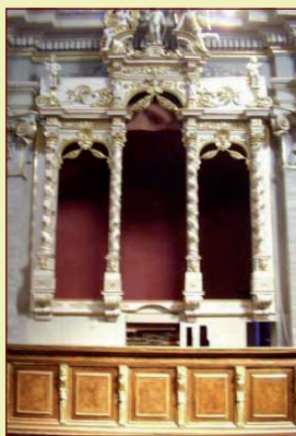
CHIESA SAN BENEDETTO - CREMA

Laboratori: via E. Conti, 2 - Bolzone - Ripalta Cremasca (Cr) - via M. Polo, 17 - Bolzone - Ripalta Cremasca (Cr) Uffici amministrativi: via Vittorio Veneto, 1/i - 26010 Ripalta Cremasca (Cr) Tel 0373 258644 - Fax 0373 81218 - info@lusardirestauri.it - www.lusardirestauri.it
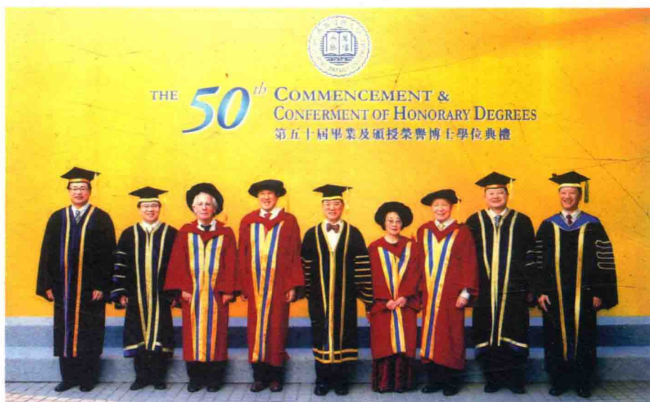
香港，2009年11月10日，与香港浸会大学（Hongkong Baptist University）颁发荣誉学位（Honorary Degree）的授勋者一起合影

* * * * * * * * *

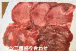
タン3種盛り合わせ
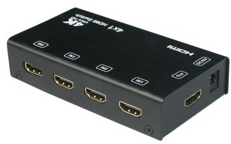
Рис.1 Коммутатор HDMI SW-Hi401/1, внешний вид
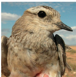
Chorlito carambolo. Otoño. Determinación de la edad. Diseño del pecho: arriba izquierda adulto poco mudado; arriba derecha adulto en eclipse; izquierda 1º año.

* * * * * * * * *

WHAT TO DO |
Leaving every picture aside, reproduce exactly the lines above from the one with "Рис.1 Коммутатор HDMI SW-Hi401/1, внешний вид" up to and including the one with "Chorlito carambolo. Otoño.", and no others.

RESPONSE TO THIS EXERCISE |
Рис.1 Коммутатор HDMI SW-Hi401/1, внешний вид
Chorlito carambolo. Otoño. Determinación de la edad. Diseño del pecho: arriba izquierda adulto poco mudado; arriba derecha adulto en eclipse; izquierda 1º año.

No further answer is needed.